Op een zeker moment kan het vermoeden ontstaan dat er wat mis is met de fundering van de VvE. Scheurvorming, verzakkingen, geruchten van buren, deuren en ramen gaan klemmen, er ontstaan scheuren en het complex verzakt (meestal ongelijkmatig) of u woont in een door de gemeente aangemerkt risicogebied.

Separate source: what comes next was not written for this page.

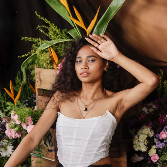 Our Athena corset is made from satin & Net that'll make you feel your most glamorous as soon as you slip it on. It has a décolletage baring strapless bodice and the sculptural boning defines your waist. The pretty lace up back allows you to control the fit and we love this paired with jeans or skirt for a more glam vibe.

De symptomen voor problemen aan het fundament van de VvE zijn divers en regelmatig is het een combinatie van signalen dat er iets mis is met het fundament. De confrontatie met (mogelijke) funderingsproblemen is uitermate vervelen, en de eerste gedachte schiet wellicht wel door uw hoofd. Mogelijk staat uw VvE op instorten.
Belangrijkste oorzaken
De meeste funderingsproblemen bij huizen met houten palen worden veroorzaakt doordat het grondwater waarin de houten palen dienen te staan, verlaagd is. Dit kan o.a. gebeuren door lekke, drainerende riolen, te laag afgestelde drainages, verlaging van het oppervlaktewater, bemalingen en bouwputten.
De aansprakelijkheid voor schade door te lage grondwaterstand is slecht geregeld in Nederland. Zo heeft de gemeente een zorgplicht voor het grondwater in openbaar gebied, maar is de eigenaar van een perceel met gebouw verantwoordelijk voor het grondwater vanaf de erfgrens. De eigenaar is ook verantwoordelijk voor de eigen fundering.
Het komt ook voor dat houten palen aangetast zijn, terwijl ze wel voldoende onder grondwater staan. Vooral grenenhouten palen worden aangetast door bacteriën. Zelfs onder het grondwater tot aan de punt van de paal. De snelheid van bacteriële aantasting wordt bepaald door de lokale grondwaterstromingen en bodemsamenstelling.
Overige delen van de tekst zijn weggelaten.